What Happened To Your Favorite Cartoons?

Nope, that cartoon was produced by DePatie-Freleng Enterprises. David DePatie and Friz Freleng were also responsible for The Ant and the Aardvark , Here Comes the Grump , and many other animated series.

Ferris, the canine you’re thinking of is Hong Kong Phooey, as voiced by the immortal Scatman Crothers.

Here he comes, here comes Speed Racer…

Actually, before CG got totally pissed off at our satellite company, I had Boomerang. Now we just have plain old cable and our cable company doesn’t get it. Dammit.:frowning: I want my Thundarr and old eps of PIrates of Dark Water back.

IDBB

I liked Black Star, and for some reason I can’t remember now Thundar the Barbarian. Loved the transformers and Buggs Bunny. There was one about earth being invaded and I can’t remember what else. Would know the name if I saw it.

You betcha. Good stuff.
Popeye, Roadrunner, Pink Panther, Woody Woodpecker, Pixie & Dixie (Jinx: I hate those mieces to pieces!"), all the Merrie Melodies, the Flintstones (Wilma!!!), Johnny Quest (big fan when I was a kid), Mighty Mouse, Moose & Squirrel, Casper the Friendly Ghost, Yogi Bear, Huckleberry Hound, Quickdraw McGraw, Hercules…<pant>

The real problem with this thread is that the old time cartoons don’t get a fair chance. Sure, kids today can see Bugs Bunny, but only in a mutilated form. All the hacking and gluing together that has been done just KILL the episodes. As was said earlier- no swallowing earthquake pills, no guns blowing up in faces, etc.

In addition, many very funny episodes (that carry with them a tremendous amount of cultural history) are never seen for reasons of having been deemed too offensive. Wouldn’t it help kids to understand the history of race relations in the US to know that as recenty as 40 or 50 years ago it was considered socially appropriate to laugh at sterotypes?

Whoop. Looks like the “Soapbox Lock” key was pressed down. Back to cartoons.

Bug and friends (non-mutilated)
Rocky and Bullwinkle and Company
Simpsons
And amongst the modern lesson learning cartoons… Recess and Arthur are both not too bad.

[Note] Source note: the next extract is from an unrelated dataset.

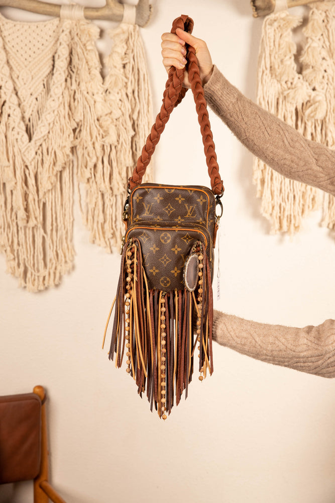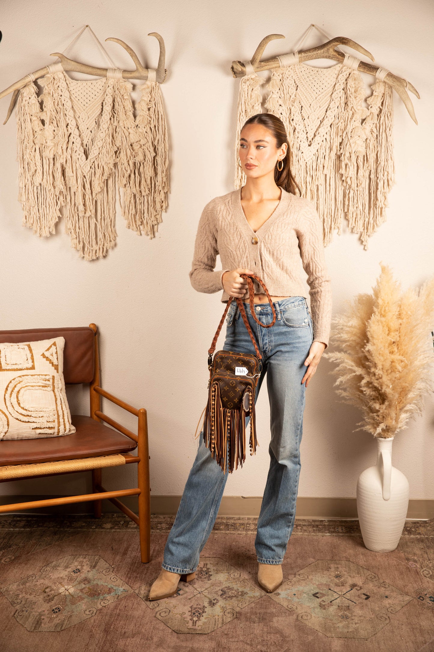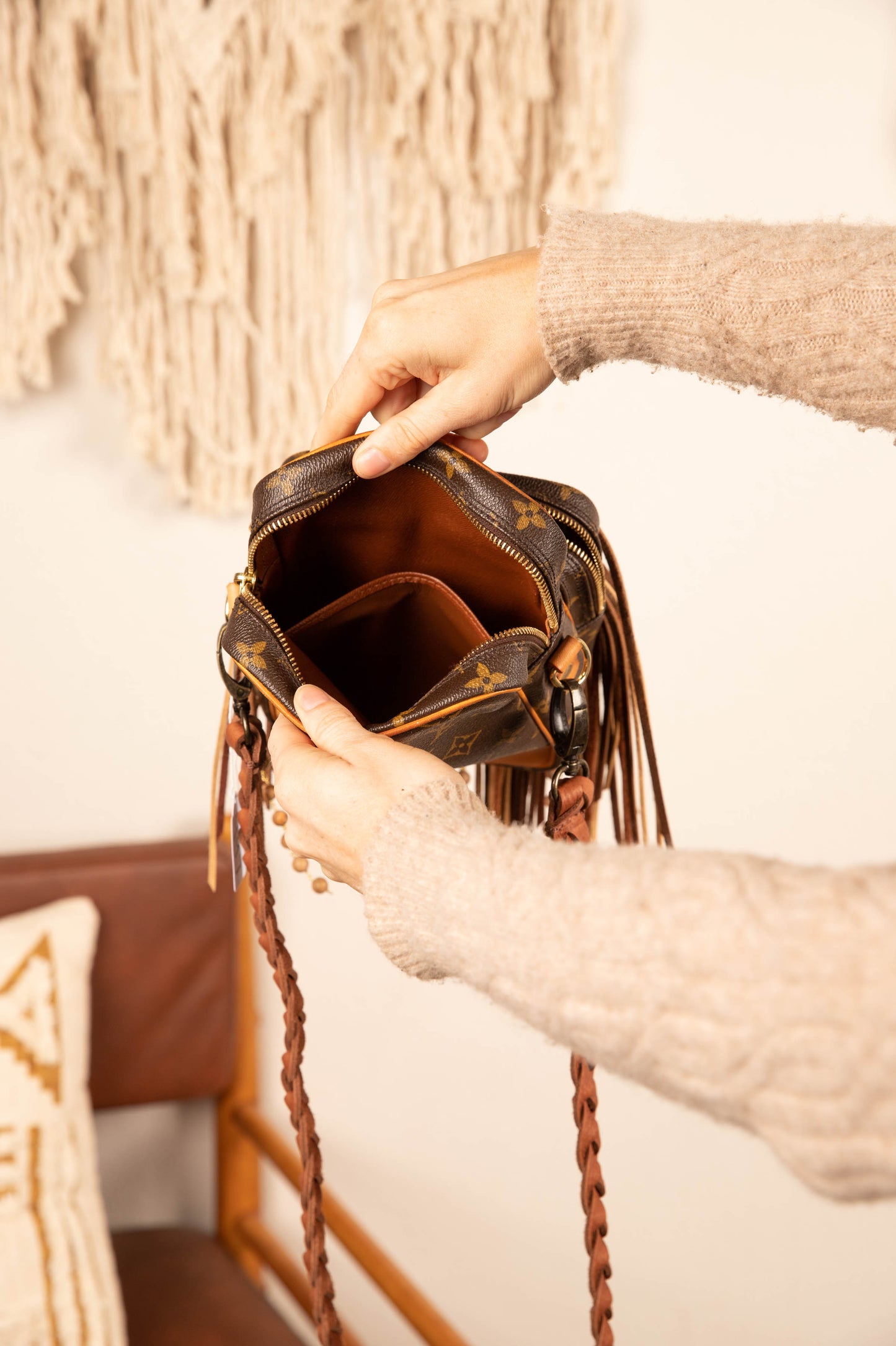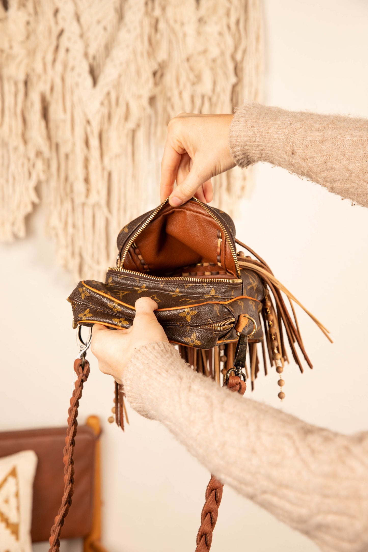 This is an authentic monogram Louis Vuitton crossbody bag, measuring 8 x 6 x 4 inches. It is a two-compartment bag with zippers on the main and front compartment to protect all your essentials. All bags are authenticated, lovingly cleaned, restored and enhanced with our beautiful leather fringe and/or braiding by hand here in the United States!

How anyone can stand horribly drawn garbage like Dexter’s lab is beyond me.

Anybody seen Galaxy High in, oh the last 17 or so years? That was one I enjoyed of a Saturday morning.

As an aside, anyone remember the name of a cartoon that I think was on Nickelodeon and I’m pretty sure was anime-style about a girl I think was called Honey-Honey who was raised by bees and was constantly on the run from some princess/rich lady who wanted to kill Honey-Honey’s cat, if I rememeber right because it had eaten a fish that had swallowed a ring or somesuch that belonged to her?

I’m thinking it was on during the era of those other strange cartoons, Belle and Sebastian and The Cities of Gold.

I can still sing the theme song from The Cities of Gold.

I really liked Sonic the Hedgehog…the version that ran on ABC, not the other ones. As far as I know, it died peacefully in it’s sleep, of low ratings. But it at least lasted long enough to bring the story-arc to a satisfying conclusion.

In more recent years, Cybersix really piqued my interest. Alas, fox chose to sucker punch it from their lineup, two episodes before the end of the season. It was replaced by anime battlingseizurerobots, I believe.

Ditto for Escaflowne, during it’s brief run. I even thought the new theme song was kinda catchy, if still no substitute for the original.

Least favorite? Well, let me put it this way…when the networks start a new “season” of programming in the fall, not all of the new series’ “make it.” About half of the new shows are decent, watchable, and well written. 80% of these good shows are cancelled within the season, 60% of them after being shuffled around the schedule for weeks to shake the remaining audience off.

The other half of the new shows are circuses. As in, “Bread and Circuses.” Mindless fighting or “game dueling” shows, which are mostly cheap Japanese imports; movie and product tie-in shows; and other mindless fluff.

All in all, 40-70% of all new shows don’t make it. Most of the survivors are the fighting/product tie-ins. There are more and more of these each year, the “900-pound gorillas” from previous seasons, and the soon to be “900-pound gorillas.” Soon, there will be nothing left but these shows. And when a major economic downturn hits, they’ll be dropped like the unprofitable albatrosses that they are, and they’ll take saturday mornings with them.

But worse than death, grim plague, hunger’s woe, or low-budget anime glutted schedules, are those poor pillaged networks who’s entire fall lineup fails. Then, we get 10 year old reruns of cartoons that didn’t sell in syndication. All the way till fall.

That…and Recess. That damned show just won’t die, and they haven’t made a new episode in two frigging years. We get Recess and Lizzie McGuire on ABC, reruns on Fox, and the WB shows nothing but “Yu-gi-oh.”

And don’t get me started on sports preemptions. Those make me want to burn Cooperstown to the ground.